With the exception of large and most successful companies with breakout products, ad agencies loathe promising success in growing sales. Ad agencies, web shops, and other related firms like SEO and copywriting agencies can’t guarantee real success because they have no control over the products they’re advertising.
I say “real success” because we can guarantee you lots of other things through fraud and automated bots. You want 10,000 followers? I can deliver that for about $20 while charging you $200. We can guarantee traffic, page followers, retweets, comments, whatever you like. But it’ll all be bot-driven. Thus the success is only in the number, not the useful reach companies might expect, which is an increase in sales.
For most agencies, the clients they serve probably offer ho-hum products or services. They may be important to a modest group of customers but are unlikely to ignite the world in their favor. Often this begets ho-hum advertising, even in the rare instance the agency can be breathtakingly creative. As a result, nothing dramatic can be expected the way most people hope.

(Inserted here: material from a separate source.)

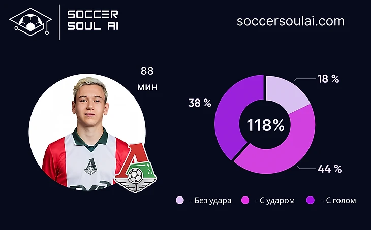 После завершения первой трети чемпионата можно уверенно констатировать, что Батраков – важная составляющая общего качества командной игры Soccer IQ 118% - лучший показатель игрового интеллекта в Локомотиве. При этом на позиции атакующего полузащитника он вырастает до 159%. 82% АВП-баллов Батракова набраны в атаках завершившихся ударом, 38% - ГОЛОМ!
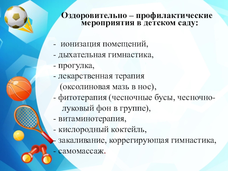 Оздоровительно – профилактические мероприятия в детском саду:

Most small businesses without the budget to purchase broad recognition through billboards, TV, and radio have to pin all their hopes on going viral. That any day now the Facebook post just made will be shared by everyone and everyone will see us and read about us and buy or donate to us.
To be successful on our end and take a company to new heights, the product being advertised needs to be great and beyond useful to people’s everyday lives. This automatically omits most nonprofits, which are beholden to people’s goodwill and spare change.
The result is we, as an agency, work in industries that are declining or razor-thin with margins and innovation.
It feels like I’m passing blame and not taking responsibility. But there’s only so many conversations we can have about why adding a video to the homepage or a page of photos to a site isn’t going to change anything. Hardly a day goes by someone doesn’t ask me, “What if we changed our site to this?” Those kinds of conversations can be useful but are usually borne out of panic that a product or service isn’t performing well. The truth is usually much blunter: no one really cares about the product.
This is anathema to client relations, however. The results must surely be because the website lacks a photo page or that one customer who didn’t bother to read what they were typing needs it to be simpler. We often spend time producing a page or fulfilling a request we know isn’t going to get any traction. We try, though.
Agencies and freelancers should focus on being aggressively creative and documenting their suggestions, even if they are rejected. The case study will be useful later. And for the agencies with enough money to fulfill their needs, be equally creative in finding ways to say “No, this doesn’t add value.”